Exercise data:
# # #

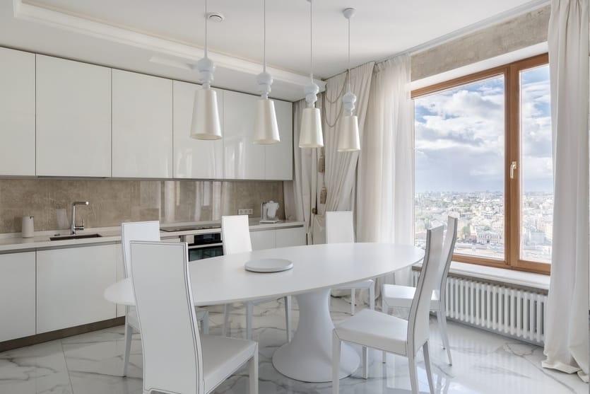 Выбор отделочных материалов для кухни 2022 в белом цвете
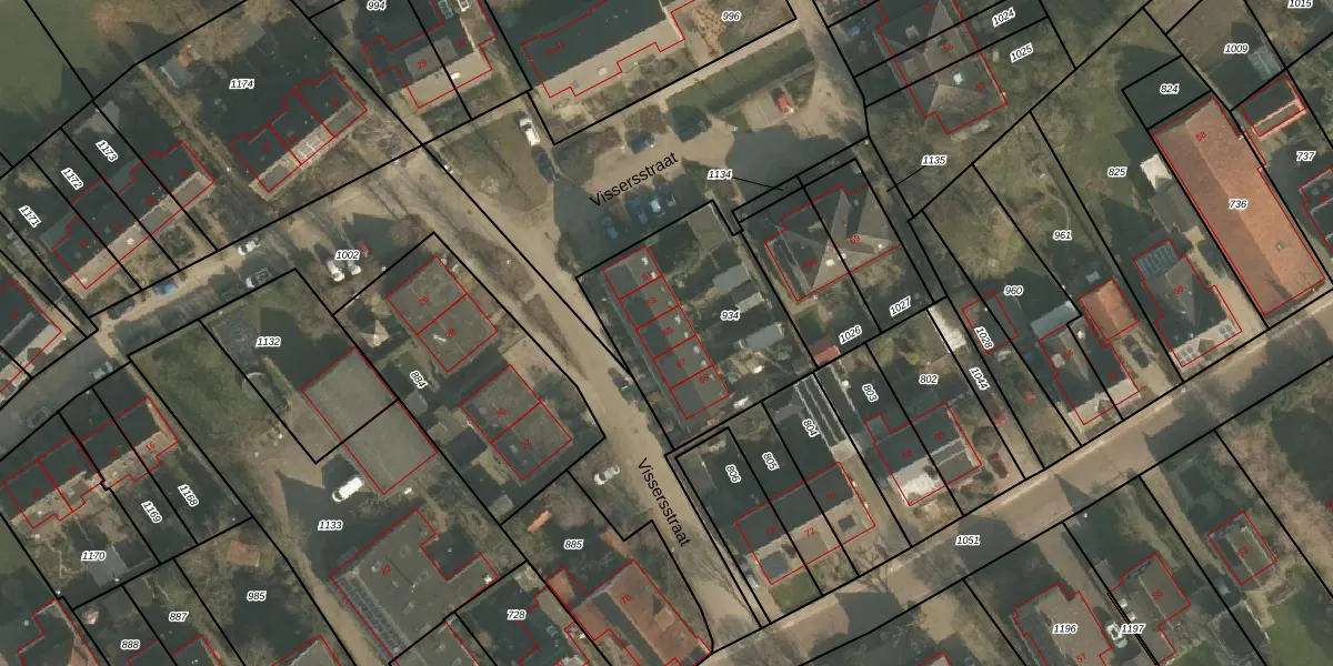 Het perceel waarop Vissersstraat 65 staat heeft een oppervlakte van 739 m². Dit is een groot perceel. De perceeloppervlakte wordt geregistreerd door het Kadaster. Gedetailleerde informatie over de maten van dit perceel kunt u vinden in het rapport Kadastrale kaart met maatvoering van Vissersstraat 65.
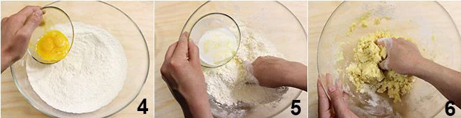 Now separate the egg whites from the yolks and melt the butter in a saucepan over low heat. Add the yolks 4 and the melted butter 5 to the mixture, then start kneading with your hands until you get a smooth and compact dough 6.

# # #

Task to carry out:
Reproduce the material above from its first line through the line containing "Het perceel waarop", both ends included, and skip every picture.

Result:
 Выбор отделочных материалов для кухни 2022 в белом цвете
 Het perceel waarop Vissersstraat 65 staat heeft een oppervlakte van 739 m². Dit is een groot perceel. De perceeloppervlakte wordt geregistreerd door het Kadaster. Gedetailleerde informatie over de maten van dit perceel kunt u vinden in het rapport Kadastrale kaart met maatvoering van Vissersstraat 65.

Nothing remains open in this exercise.